We aren’t going to be telling you anything you don’t know this year, but the exercise is still instructive. The two new Tier 1 contingencies are Russian intervention in Ukraine and heightened tensions in Israel/Palestine. A new Tier 2 priority is Kurdish violence within Turkey. I don’t believe I voted for that one. Ebola made it only to Tier 3, as did political unrest in China and possible succession problems in Thailand. I had Ebola higher than that.

Not surprisingly, the top slot (high likelihood and high impact) goes to ISIS. Military confrontation in the South China Sea moved up to Tier 1. Internal instability in Pakistan moved down, as did political instability in Jordan. Six issues fell off the list: conflict in Somalia, a China/India clash, Mali, Democratic Republic of the Congo Bangladesh and conflict between Sudan and South Sudan.

Remaining in Tier 1 are a mass casualty attack on the US homeland (hard to remove that one), a serious cyberattack (that’s likely to be perennial too), a North Korea crisis, and an Israeli attack on Iran. Syria and Afghanistan remain in Tier 2 (I think I had Syria higher than that).

The Greater Middle East looms large in this list. Tier 2 is all Greater Middle East, including Libya, Egypt, Jordan, Lebanon, Pakistan, Turkey and Yemen (in addition to Tier 1 priorities Israel/Iran, Syria, Afghanistan and Palestine). That makes 11 out of 30, all in the top two tiers. Saudi monarchy succession is not even mentioned.
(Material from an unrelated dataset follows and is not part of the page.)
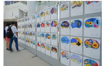
昨年のうちわデザイン展の様子

小野まつりは新型コロナウイルスの影響で中止となりましたが、 毎年恒例のうちわデザインコンテストには、227点の応募がありました！ 今年も色鮮やかなデザインが勢揃い。 ぜひ、うちわデザイン展で夏を感じてください。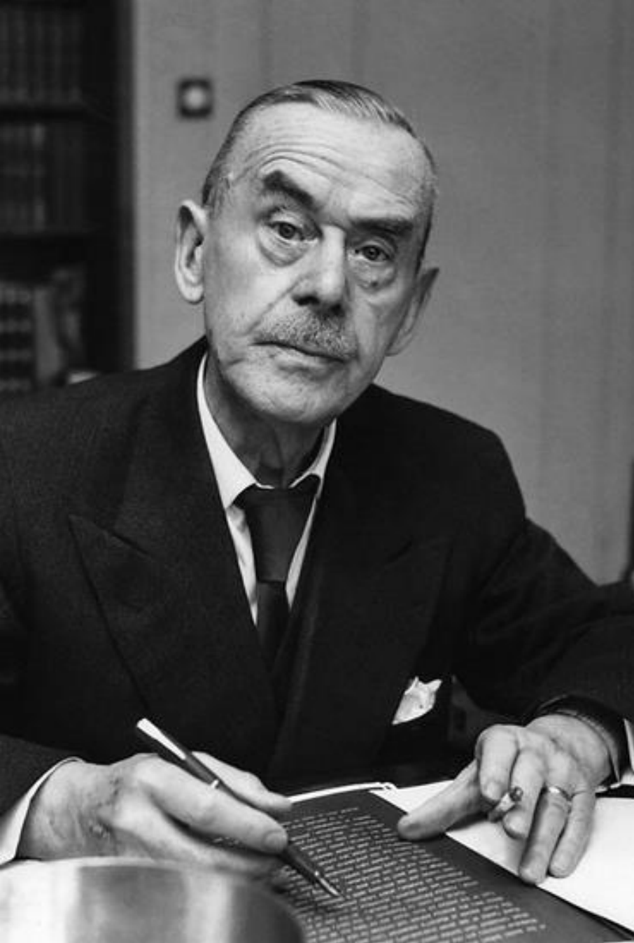
Thomas Mann (1875-1945)

„Mélységes mély a múltnak kútja. Ne mondjuk inkább feneketlennek? Feneketlennek még akkor is és talán éppen akkor, ha kizárólag és egyedül az ember az, akinek múltjáról kérdés és szó esik: ez a rejtélyes lény, aki a magunk természeti-gyönyörúséges és természetfeletti-nyomorúságos létének tartálya, s akinek titka érthető módon minden kérdésünk és szavunk alfája és ómegája, s minden szavunkat hévvel és szorongással és minden kérdésünket izgatott sürgetéssel telíti. Mert éppen ekkor történik az, hogy minél mélyebben fürkésznünk, minél messzebbre hatolunk és tapogatózunk a múlt alvilágába, az emberinek, történetének, művelődésének kezdeti alapjai tökéletesen megmérhetetlennek bizonyulnak, s mérőónunk előtt, bármily kalandos távolságokba gombolyítjuk alá zsinagét, mindig újra és tovább húzódnak vissza a feneketlenségbe. Találón mondhatjuk itt, hogy "újra és tovább", mert kutató buzgalmunkkal a kikutathatatlan incselkedő játékot űz: látszatmegállókat és úti célokat kínál, melyek mögött, amint elértük őket, újabb múltszakaszok tárulnak föl, ahogy a partjáró bolygása sem ér soha véget, mert minden egyes megmászott agyagos fövenykulissza mögött új távolságok csábítanak új hegyfokok felé.

Nor is Bahrain.

Sub-Saharan Africa makes it only into Tier 3. Latin America and much of Southeast Asia escape mention.

There is a question in my mind whether the exclusively country-by-country approach of this survey makes sense. It is true of course that problems in the Middle East vary from country to country, but there are also some common threads: Islamic extremism, weak and fragile states, exclusionary governance, demographic challenges and economic failure. From a policy response perspective, it may make more sense to focus on those than to try to define “contingencies” country by country. If you really wanted to prevent some of these things from happening, you would surely have to broaden the focus beyond national borders. Russian expansionism into Russian-speaking territories on its periphery might be another more thematic way of defining contingencies.

One of the key factors in foreign policy is entirely missing from this list: domestic American politics and the difficulties it creates for a concerted posture in international affairs. Just to offer a couple of examples: failure to continue to pay Afghanistan’s security sector bills, Congressional passage of new Iran sanctions before the P5+1 negotiations are completed, or a decision by President Obama to abandon entirely support for the Syrian opposition. The survey ignores American “agency” in determining whether contingencies happen, or not. That isn’t the world I live in.

For my Balkans readers: no, you are not on the list, and you haven’t been for a long time so far as I can tell. In fact, it is hard to picture how any contingency today in the Balkans could make it even to Tier 3. That’s the good news. But it also means you should not be looking to Washington for solutions to your problems. Brussels and your own capitals are the places to start.